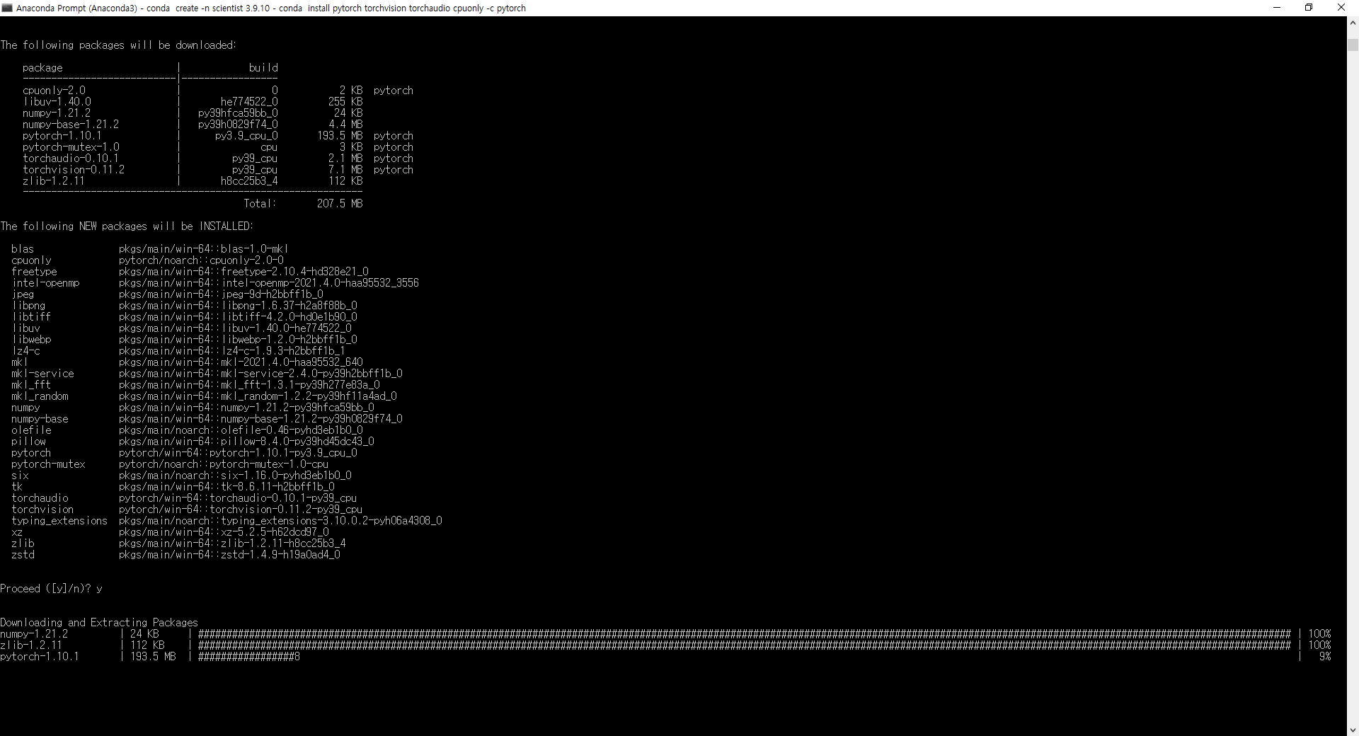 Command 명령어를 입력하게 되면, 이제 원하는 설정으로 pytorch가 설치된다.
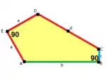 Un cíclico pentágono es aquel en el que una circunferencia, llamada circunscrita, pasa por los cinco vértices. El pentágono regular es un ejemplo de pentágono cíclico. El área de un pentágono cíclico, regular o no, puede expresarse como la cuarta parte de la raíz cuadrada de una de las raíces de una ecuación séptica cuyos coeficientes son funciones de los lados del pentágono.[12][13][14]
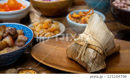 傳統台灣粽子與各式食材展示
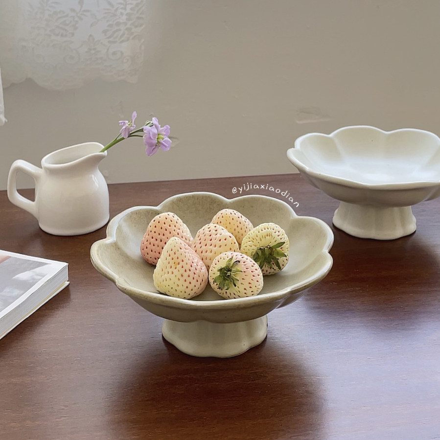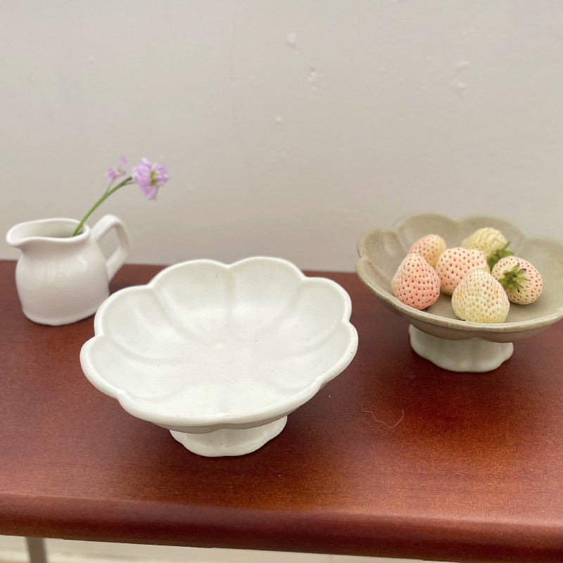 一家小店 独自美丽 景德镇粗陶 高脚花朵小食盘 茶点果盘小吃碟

_Task brief_.
Once the pictures are set aside, transcribe the remaining lines above exactly.

_Solution for this problem_.
 Command 명령어를 입력하게 되면, 이제 원하는 설정으로 pytorch가 설치된다.
 Un cíclico pentágono es aquel en el que una circunferencia, llamada circunscrita, pasa por los cinco vértices. El pentágono regular es un ejemplo de pentágono cíclico. El área de un pentágono cíclico, regular o no, puede expresarse como la cuarta parte de la raíz cuadrada de una de las raíces de una ecuación séptica cuyos coeficientes son funciones de los lados del pentágono.[12][13][14]
 傳統台灣粽子與各式食材展示
 一家小店 独自美丽 景德镇粗陶 高脚花朵小食盘 茶点果盘小吃碟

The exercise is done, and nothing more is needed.